The thing is as I have just forked out for a non LIPO charger I really dont want to make everything I have redundant so I would rather stick with nimh for now. I would also really like to stick with tamiya connectors if possible, the ezrun came with a tamiya connector so I am guessing its up to the job?

One thing I noticed with my current battery is it runs for ages but it will run for a good 15 mins at a reduced output, I read that this means the cells are not so great? So What sort of stick pack do people reccomend? I have seen the team orion rocket packs which look pretty nice, would a 4500 rocket pack run the ezrun without judder? And what are other 9t EZrun users running?

cheers

Boothy

p.s. I have set the punch right down and still have a slight judder on start.

Posted

It sounds like the judder you're referring to is not the same judder that's related to lack of battery current. I tested my 9T eZRun motor with an old NiCD pack and there was no judder from lack of current. The judder you're referring to is likely the hesitation/cogging that is normal on a sensorless system. This normally only shows itself under light taps of the throttle especially after braking.

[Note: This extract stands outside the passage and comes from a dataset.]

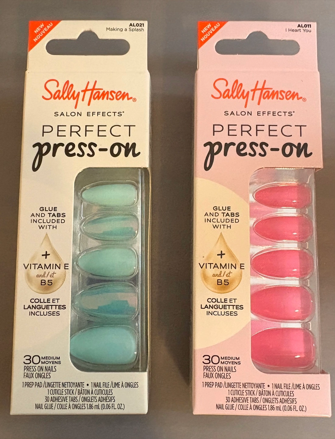 $10 Each - Two packs of Sally Hansen Salon Effects Perfect Press-On nails - Includes glue and tabs. Medium length. One pack is a light teal colour, the other is a light pink colour.
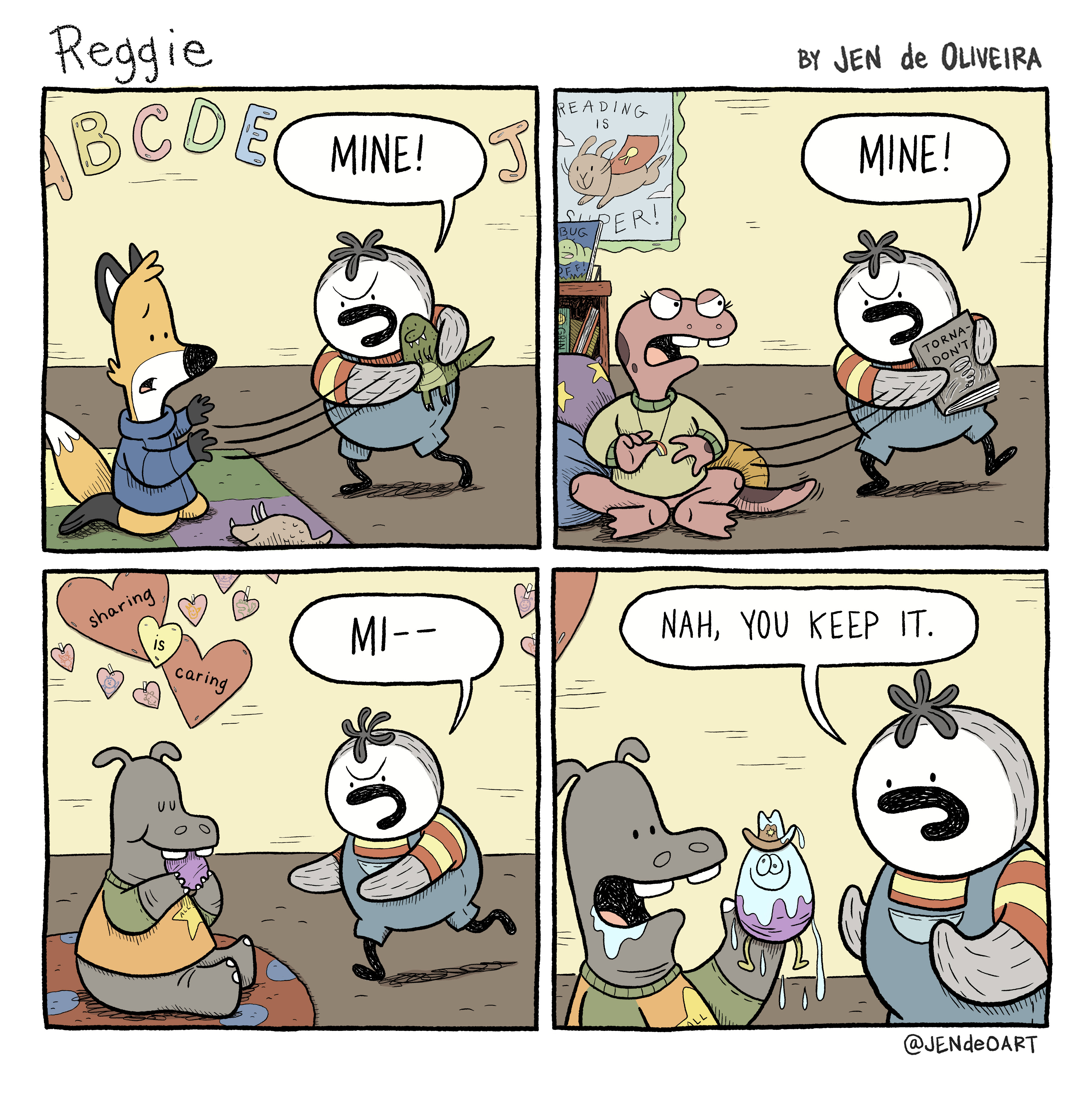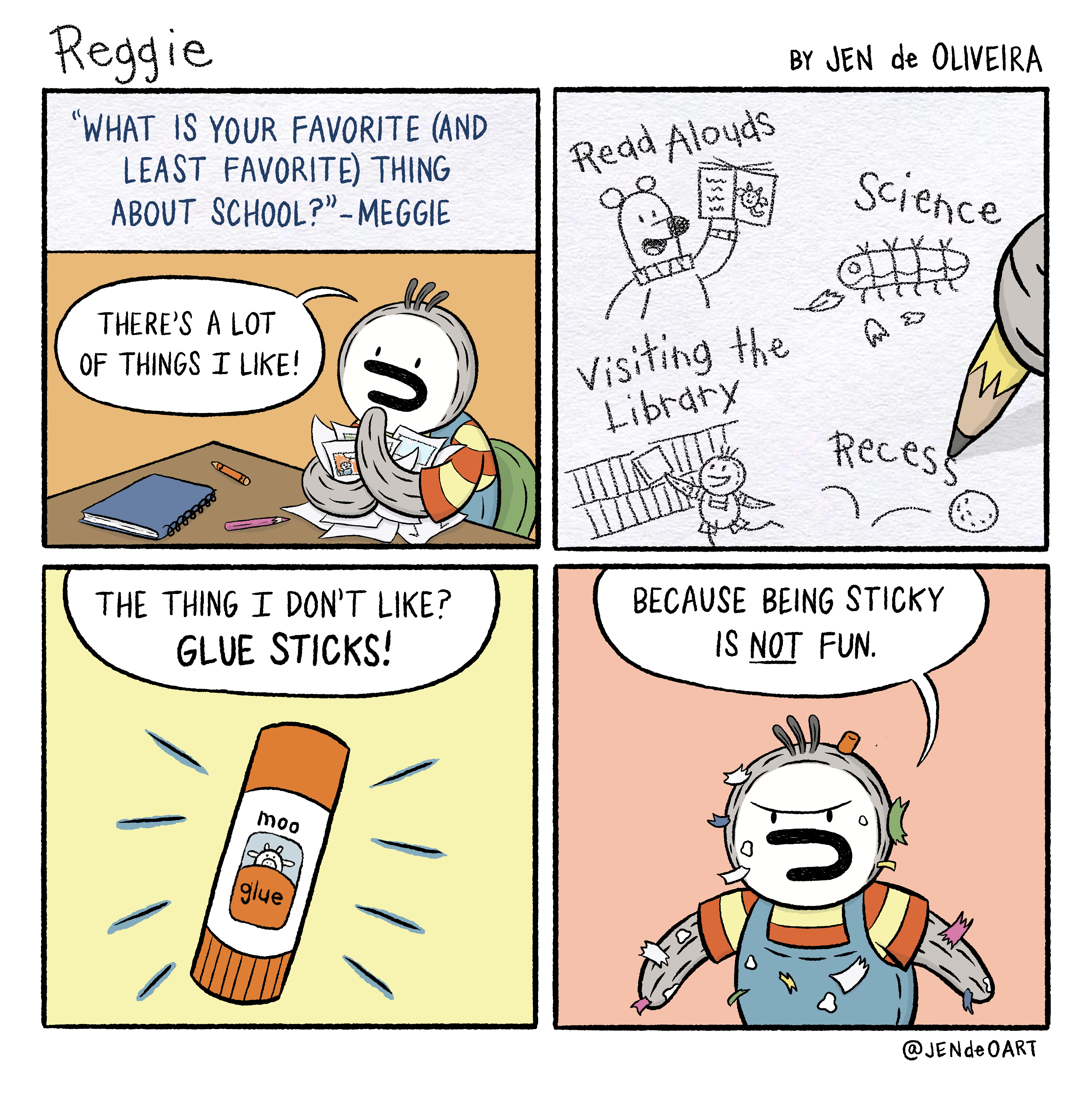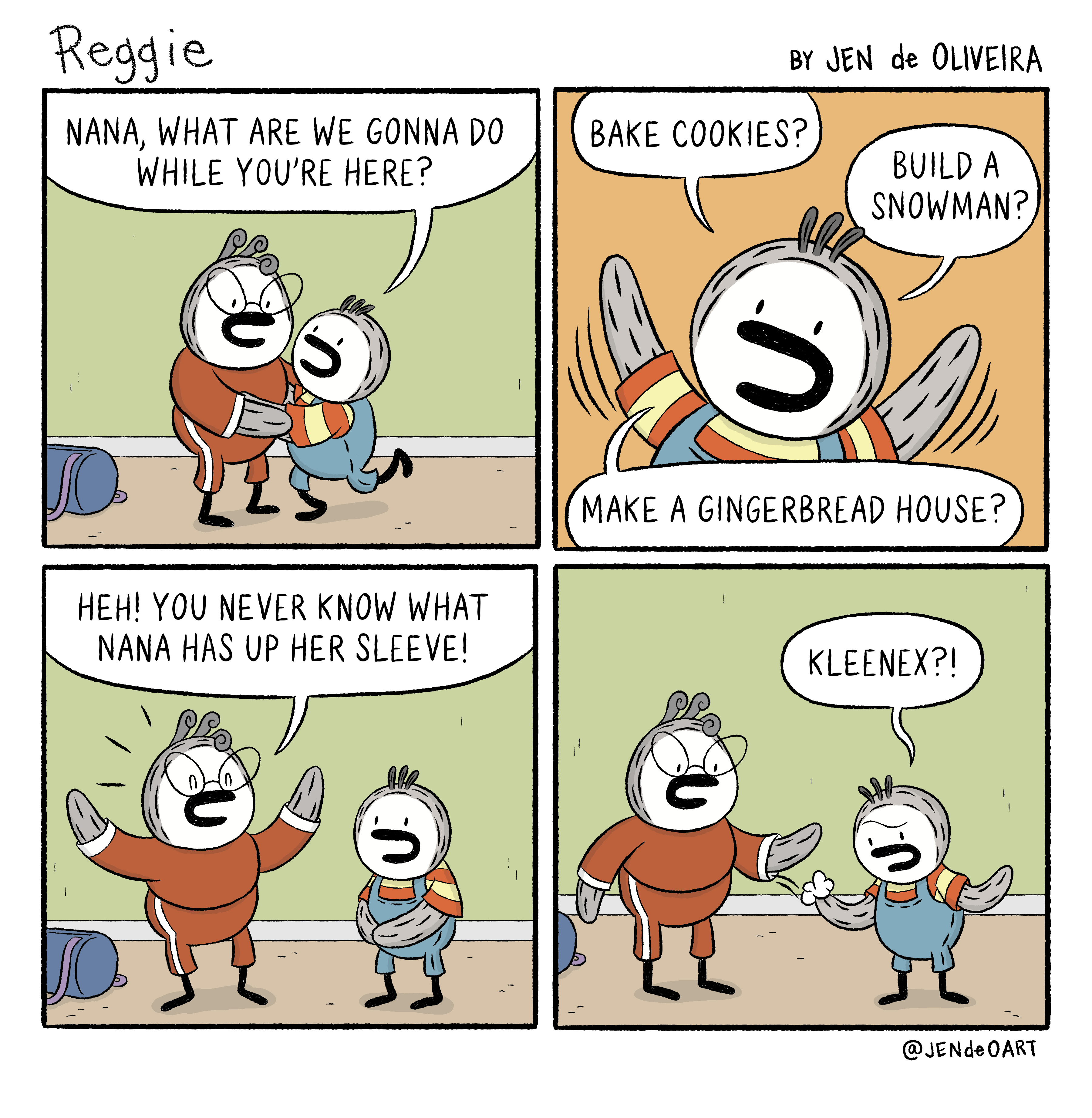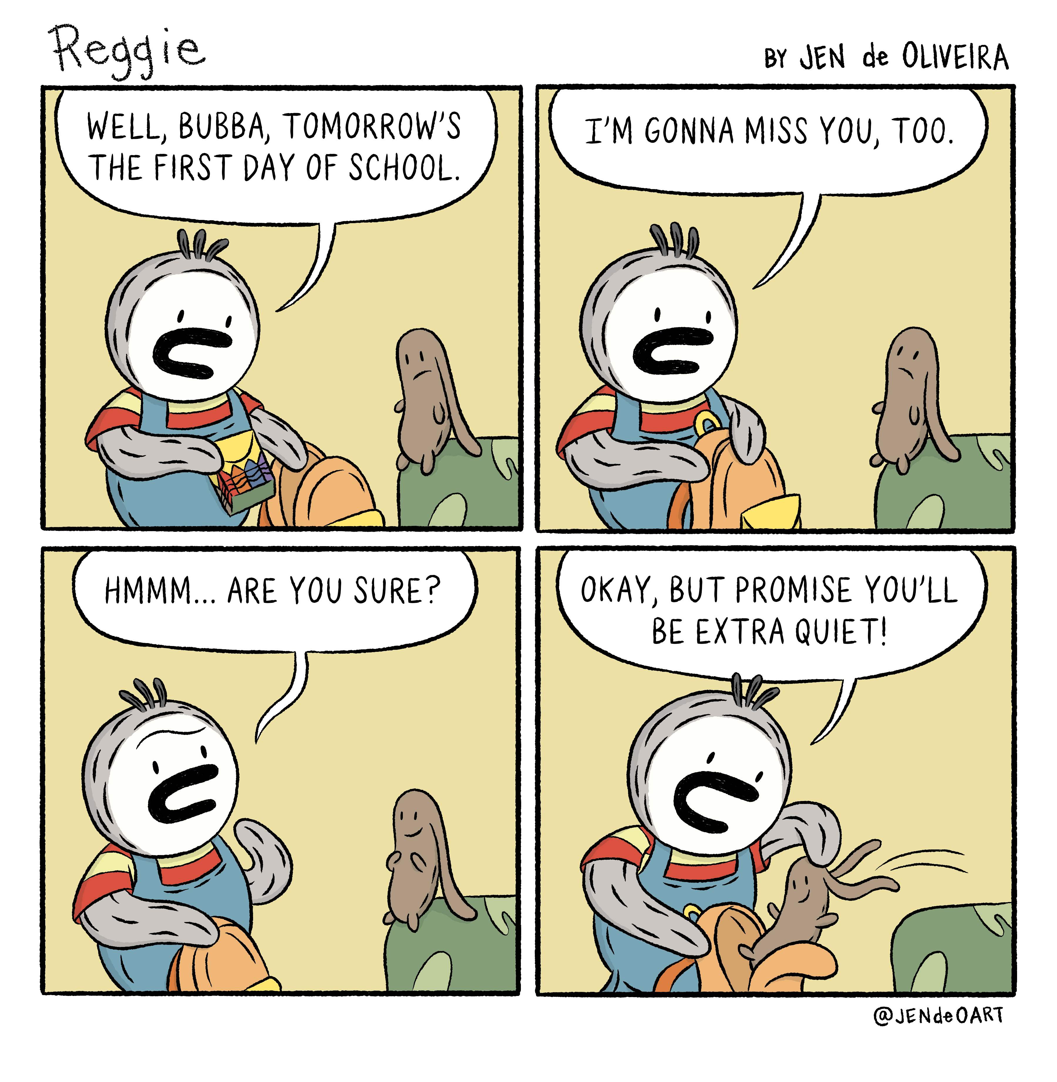Cofounded in 2020 by Mika Song and Jen de Oliveira, Sunday Haha provided kids and families free comic strips made by a diverse group of kidlit creators. You can read the archive of weekly issues, some of which feature Reggie and other characters who went on to star in their own graphic novels.

Here is a video of my car with the sensorless judder at 22 seconds. Car is running a 100A LiPo so it's not the battery.

Posted

I have the EZrun 9T and the 5.5T and I have never had even the slightest hint of "sensorless cogging".

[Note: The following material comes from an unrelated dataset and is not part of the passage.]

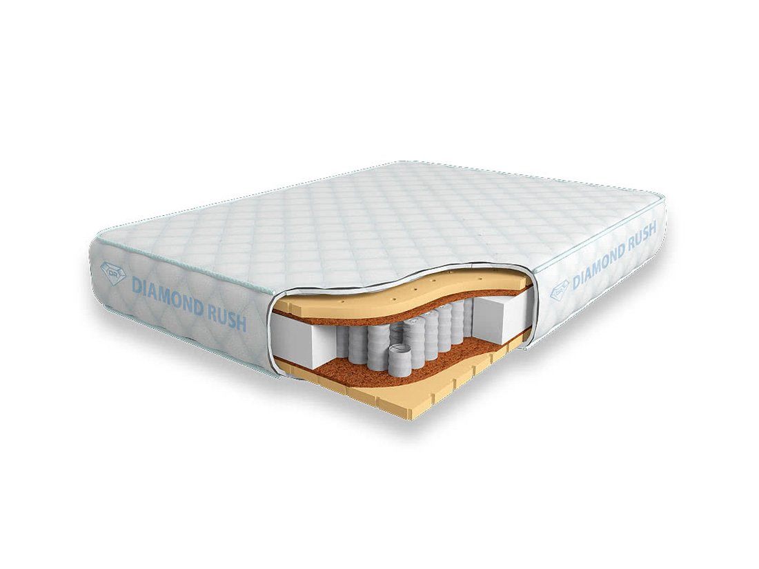 Матрас Diamond Rush Comfy 725DR имеет в своей основе независимый пружинный блок 725, состоящий из пружин диаметром 5-6 см. В качестве настилочных слоев поверх пружинного блока используются листы латексированной кокосовой койры, а также листовой перфорированный натуральный латекс. Стороны имеют одинаковую среднюю жесткость с обеих сторон.

I had the stutter on starts when I first used it too.... it was my battery packs. Got me some new ones and a peak charger and never had a problem since.

I'm using 3000mah ni-mihs with no problem (well, Li-Po on the 5.5 setup).

Posted
I have the EZrun 9T and the 5.5T and I have never had even the slightest hint of "sensorless cogging".

Seriously? ALL of my sensorless eZRun systems have the slight cogging/hesitation when going slow forwad/backward and this is due to the ESC not knowing exactly the position of the rotor especially after braking. I've talked to many people who have the same observations. You must be very lucky to be among the few with no cogging issues. The cogging is especially bad on the 5.5T in my TA03 and the car even sometimes briefly goes slightly backwards before going forwards. I set the ESC's punch level on the lowest so maybe that has an effect on the cogging who knows.

Posted

The judder does happen on light starts and not really if you push forwards harder on the stick, it is better with the punch turned down though.

What is the difference with a sensorless system?

Boothy

Posted
I have seen a couple of posts over judder when setting off with EZrun brushless systems and after setting mine up tonight I have found the same problem. My battery is an Mtronics 3700nimh type which I have not had for very long as I am a newbie.

The thing is as I have just forked out for a non LIPO charger I really dont want to make everything I have redundant so I would rather stick with nimh for now. I would also really like to stick with tamiya connectors if possible, the ezrun came with a tamiya connector so I am guessing its up to the job?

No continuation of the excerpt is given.